* [WHAT TO PRODUCE] Which lines of the data below contain "small"? Please show them all.

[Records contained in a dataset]
═══

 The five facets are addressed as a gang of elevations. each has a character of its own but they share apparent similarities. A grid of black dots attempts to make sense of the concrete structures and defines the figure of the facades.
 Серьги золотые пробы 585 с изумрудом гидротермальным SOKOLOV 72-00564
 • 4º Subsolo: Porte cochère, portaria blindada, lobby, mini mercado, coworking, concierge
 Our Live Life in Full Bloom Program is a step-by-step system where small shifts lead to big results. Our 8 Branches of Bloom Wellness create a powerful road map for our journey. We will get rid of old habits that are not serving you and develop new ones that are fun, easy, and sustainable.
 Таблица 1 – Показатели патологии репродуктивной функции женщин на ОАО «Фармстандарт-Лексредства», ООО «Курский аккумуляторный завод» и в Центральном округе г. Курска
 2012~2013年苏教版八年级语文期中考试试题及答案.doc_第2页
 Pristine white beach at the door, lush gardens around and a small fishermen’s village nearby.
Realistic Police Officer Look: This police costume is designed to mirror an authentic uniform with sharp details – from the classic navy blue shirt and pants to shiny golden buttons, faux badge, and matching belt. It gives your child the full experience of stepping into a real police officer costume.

═══

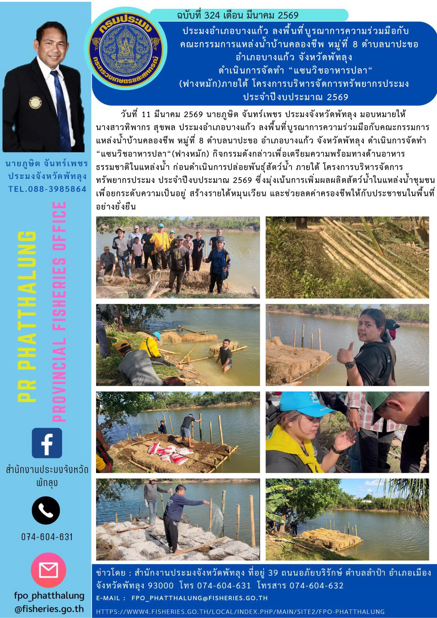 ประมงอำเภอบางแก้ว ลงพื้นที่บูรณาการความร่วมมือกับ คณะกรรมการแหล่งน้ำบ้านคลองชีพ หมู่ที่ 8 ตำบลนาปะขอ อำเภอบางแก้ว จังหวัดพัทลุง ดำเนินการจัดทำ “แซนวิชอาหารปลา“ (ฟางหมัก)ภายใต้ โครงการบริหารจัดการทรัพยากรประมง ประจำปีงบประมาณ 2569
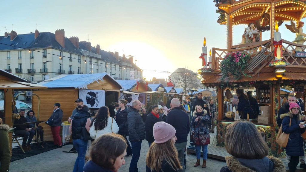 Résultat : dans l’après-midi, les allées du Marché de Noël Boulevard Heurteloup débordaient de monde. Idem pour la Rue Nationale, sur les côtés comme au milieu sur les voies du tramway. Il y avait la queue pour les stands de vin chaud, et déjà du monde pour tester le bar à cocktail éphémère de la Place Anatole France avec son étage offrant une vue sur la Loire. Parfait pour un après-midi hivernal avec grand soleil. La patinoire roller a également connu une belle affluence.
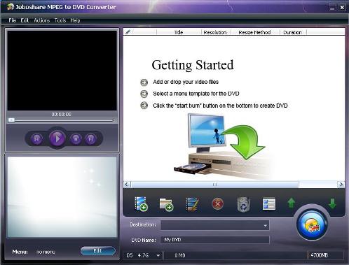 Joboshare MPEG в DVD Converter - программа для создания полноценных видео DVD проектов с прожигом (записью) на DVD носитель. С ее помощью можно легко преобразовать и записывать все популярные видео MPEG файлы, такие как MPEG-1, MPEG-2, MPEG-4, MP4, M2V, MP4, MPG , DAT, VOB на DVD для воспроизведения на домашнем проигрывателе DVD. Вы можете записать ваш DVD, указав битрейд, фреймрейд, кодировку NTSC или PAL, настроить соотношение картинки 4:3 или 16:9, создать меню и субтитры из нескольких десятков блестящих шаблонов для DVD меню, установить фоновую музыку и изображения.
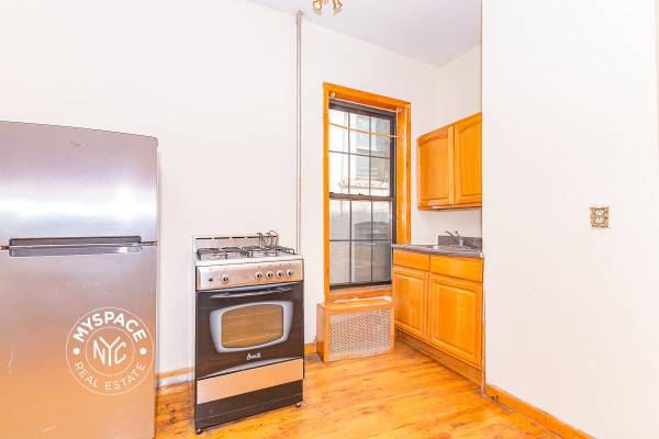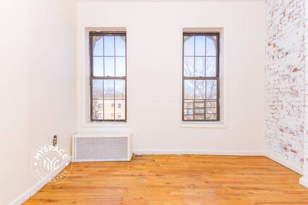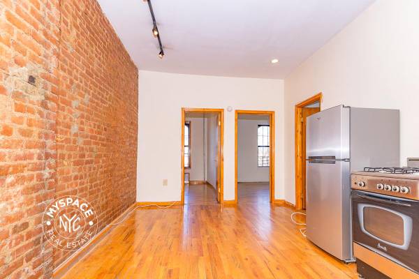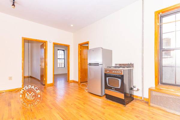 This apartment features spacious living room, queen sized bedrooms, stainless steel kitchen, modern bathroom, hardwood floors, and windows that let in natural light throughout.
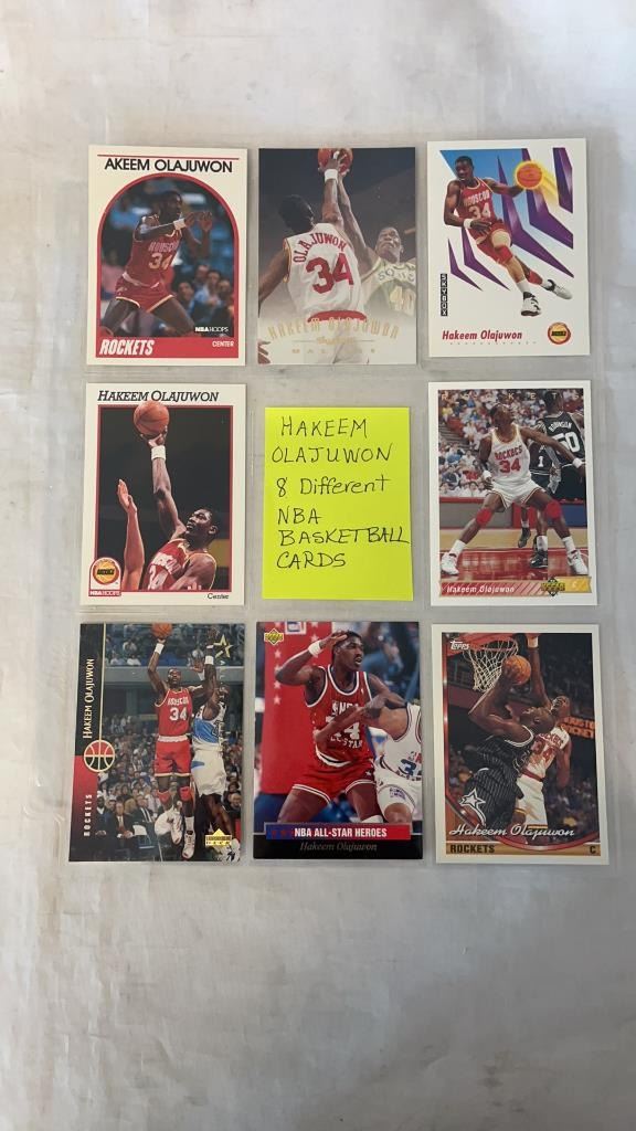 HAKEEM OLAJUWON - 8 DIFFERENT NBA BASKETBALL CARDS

═══

* [EXPECTED ANSWER]
 Our Live Life in Full Bloom Program is a step-by-step system where small shifts lead to big results. Our 8 Branches of Bloom Wellness create a powerful road map for our journey. We will get rid of old habits that are not serving you and develop new ones that are fun, easy, and sustainable.
 Pristine white beach at the door, lush gardens around and a small fishermen’s village nearby.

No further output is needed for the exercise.